_Action item:_
When you copy from the entries that follow, take only the lines from the one with "Алюминиевый анодированный профиль" down to the one with "In a versatile", keeping both ends and dropping every picture.

_Provided entries:_
/---

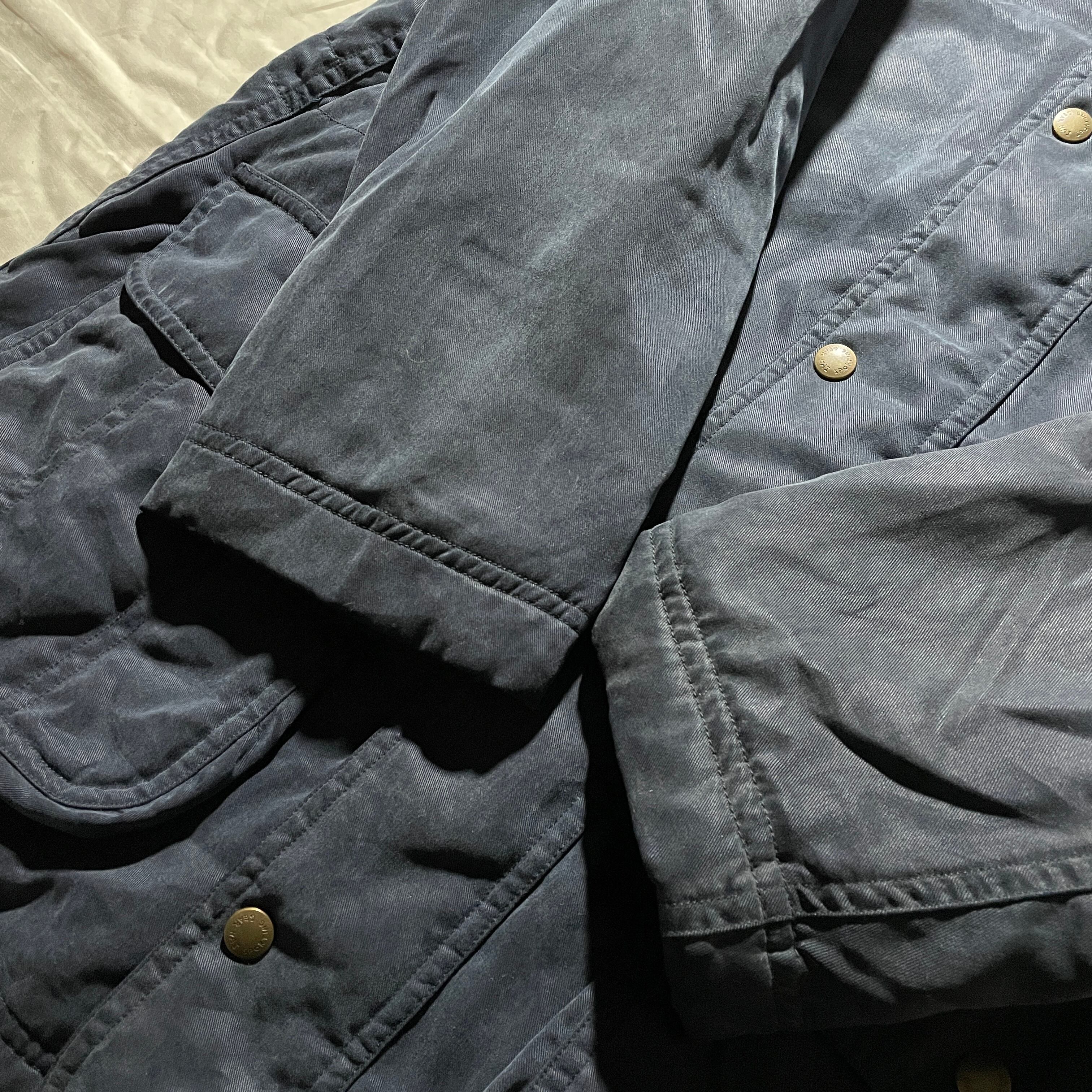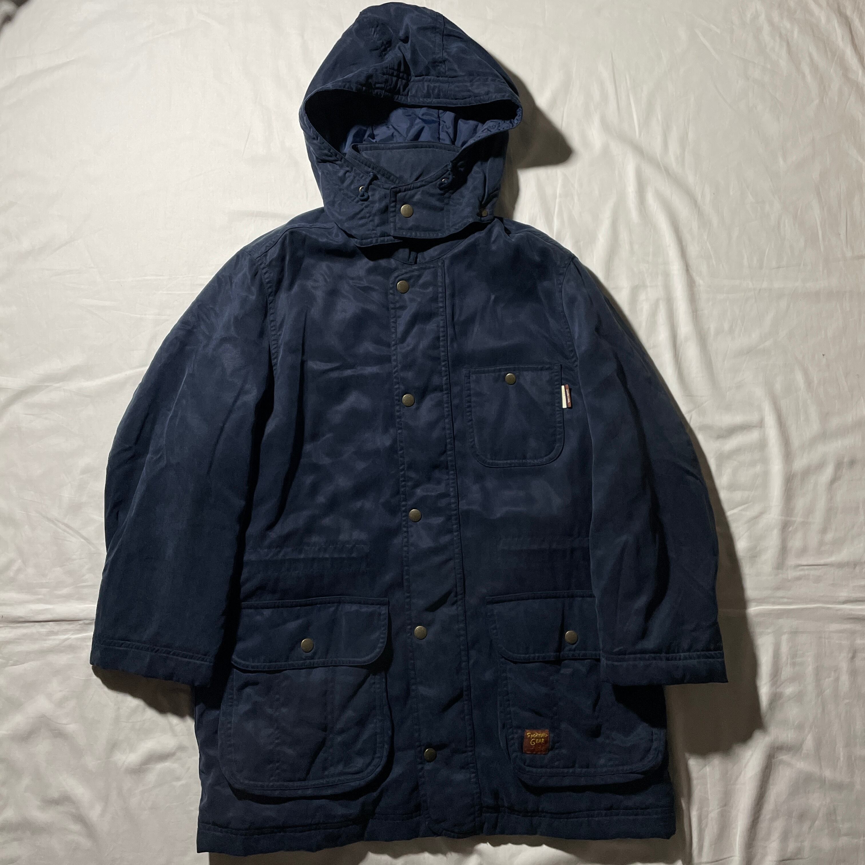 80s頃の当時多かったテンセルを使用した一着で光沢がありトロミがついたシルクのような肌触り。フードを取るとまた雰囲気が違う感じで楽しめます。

\---
/---

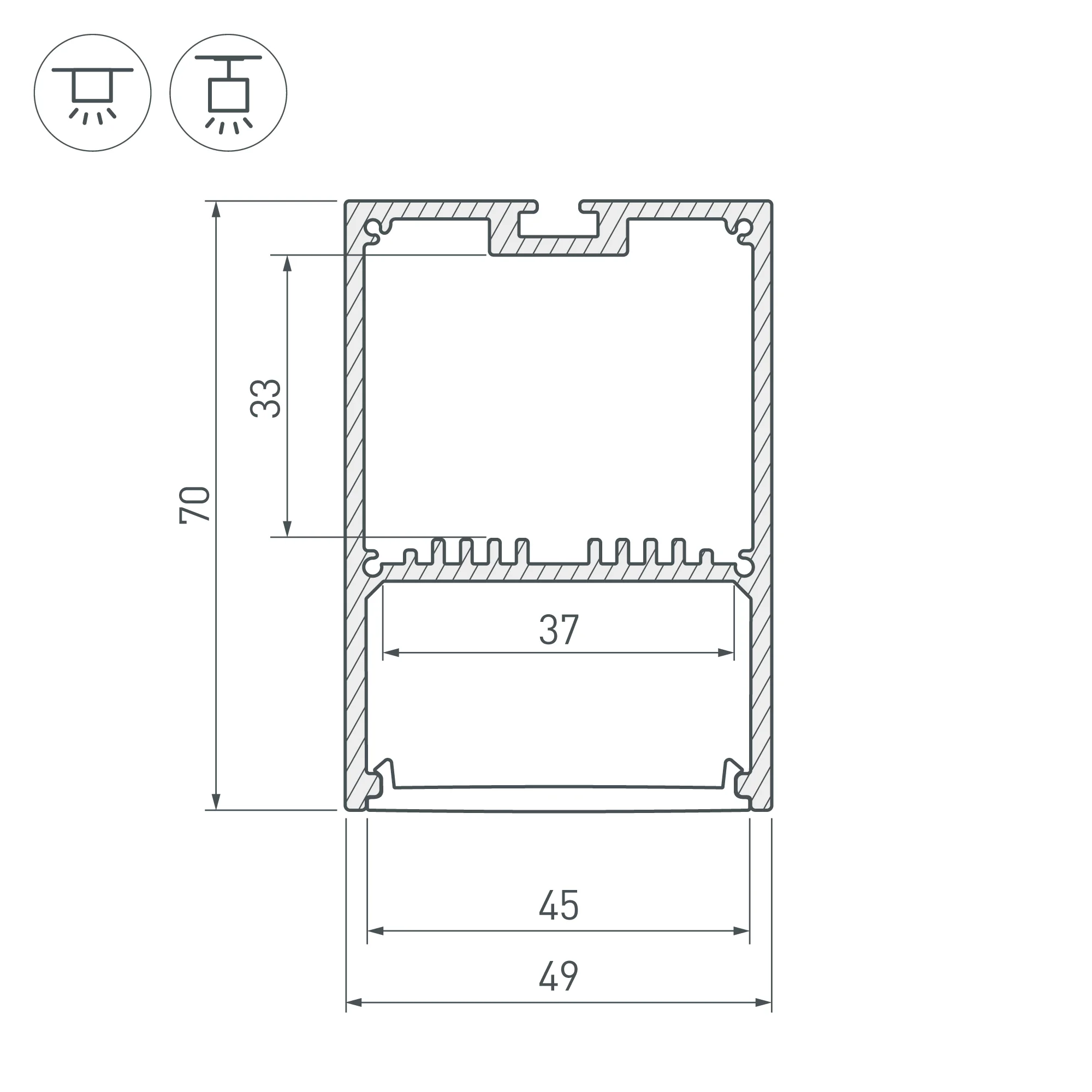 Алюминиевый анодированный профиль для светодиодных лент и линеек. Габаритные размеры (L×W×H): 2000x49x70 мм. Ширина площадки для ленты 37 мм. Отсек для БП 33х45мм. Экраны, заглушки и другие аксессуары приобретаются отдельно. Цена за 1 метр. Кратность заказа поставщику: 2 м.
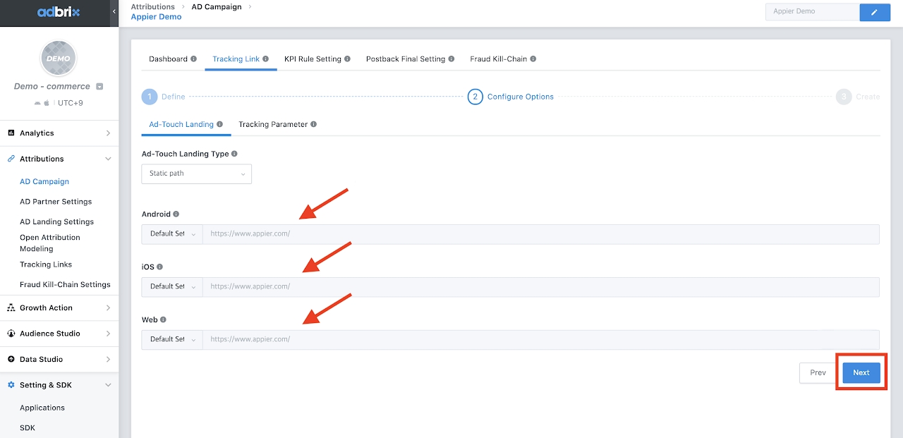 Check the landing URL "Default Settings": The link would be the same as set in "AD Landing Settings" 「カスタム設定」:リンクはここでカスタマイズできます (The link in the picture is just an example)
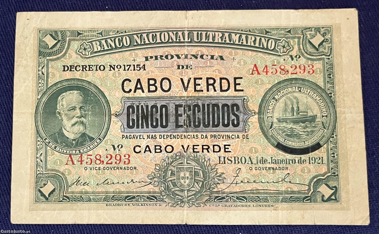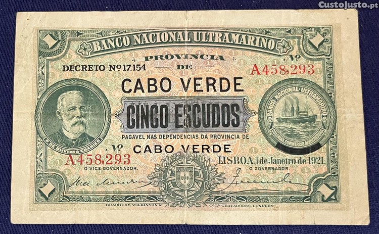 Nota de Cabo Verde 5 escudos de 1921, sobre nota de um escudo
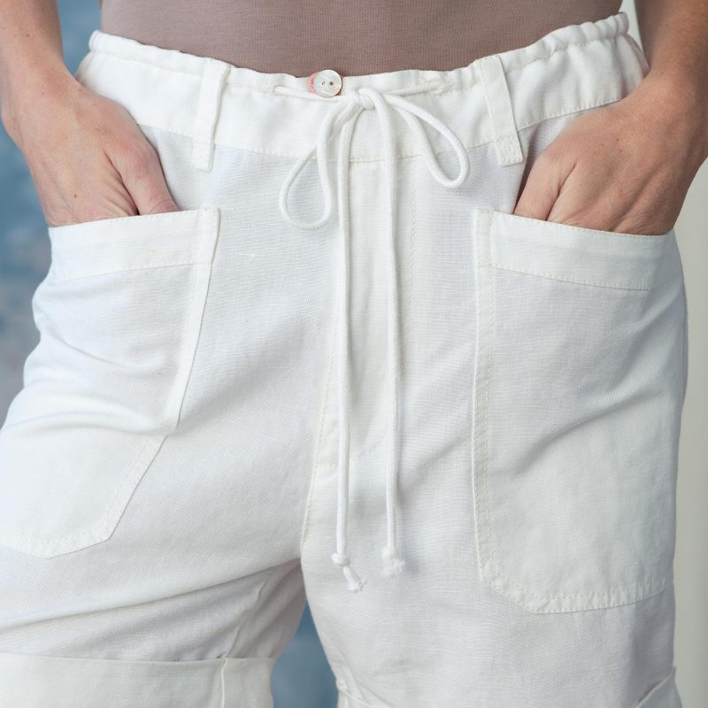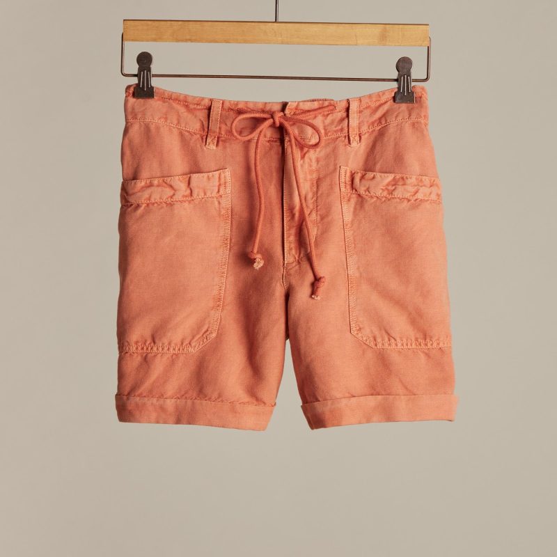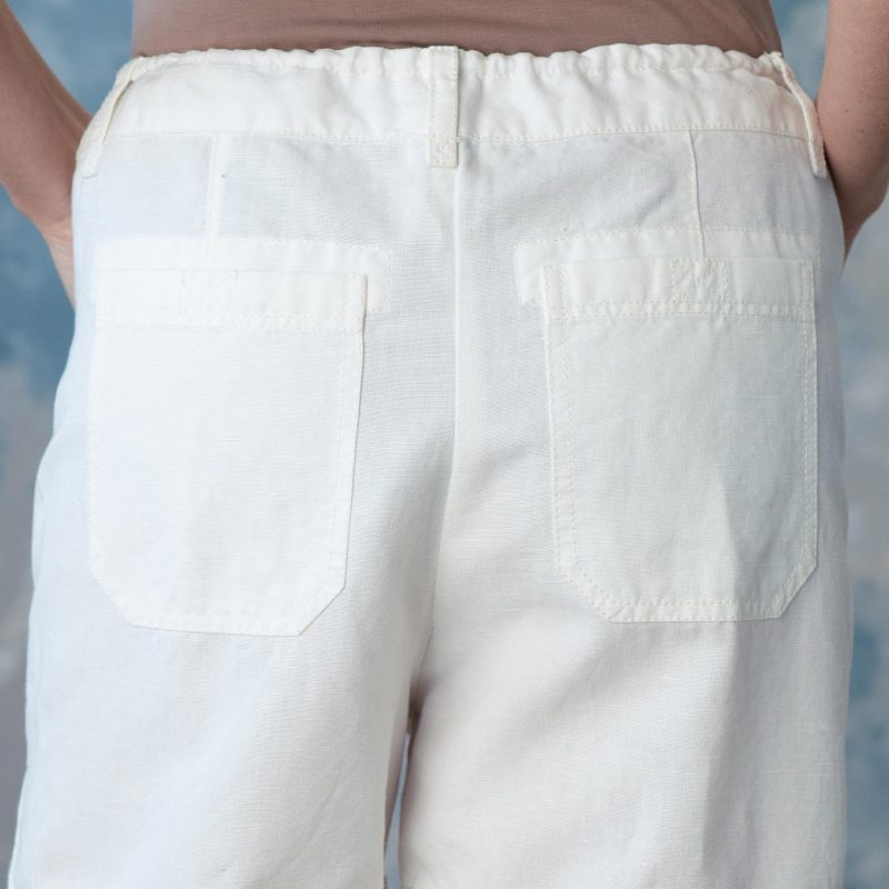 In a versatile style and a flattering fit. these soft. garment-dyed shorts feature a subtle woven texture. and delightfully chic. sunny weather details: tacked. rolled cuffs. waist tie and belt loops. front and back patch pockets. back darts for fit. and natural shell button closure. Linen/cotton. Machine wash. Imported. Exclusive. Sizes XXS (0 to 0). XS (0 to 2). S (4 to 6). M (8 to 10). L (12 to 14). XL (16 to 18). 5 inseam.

\---

_Result for this task:_
 Алюминиевый анодированный профиль для светодиодных лент и линеек. Габаритные размеры (L×W×H): 2000x49x70 мм. Ширина площадки для ленты 37 мм. Отсек для БП 33х45мм. Экраны, заглушки и другие аксессуары приобретаются отдельно. Цена за 1 метр. Кратность заказа поставщику: 2 м.
 Check the landing URL "Default Settings": The link would be the same as set in "AD Landing Settings" 「カスタム設定」:リンクはここでカスタマイズできます (The link in the picture is just an example)
 Nota de Cabo Verde 5 escudos de 1921, sobre nota de um escudo
 In a versatile style and a flattering fit. these soft. garment-dyed shorts feature a subtle woven texture. and delightfully chic. sunny weather details: tacked. rolled cuffs. waist tie and belt loops. front and back patch pockets. back darts for fit. and natural shell button closure. Linen/cotton. Machine wash. Imported. Exclusive. Sizes XXS (0 to 0). XS (0 to 2). S (4 to 6). M (8 to 10). L (12 to 14). XL (16 to 18). 5 inseam.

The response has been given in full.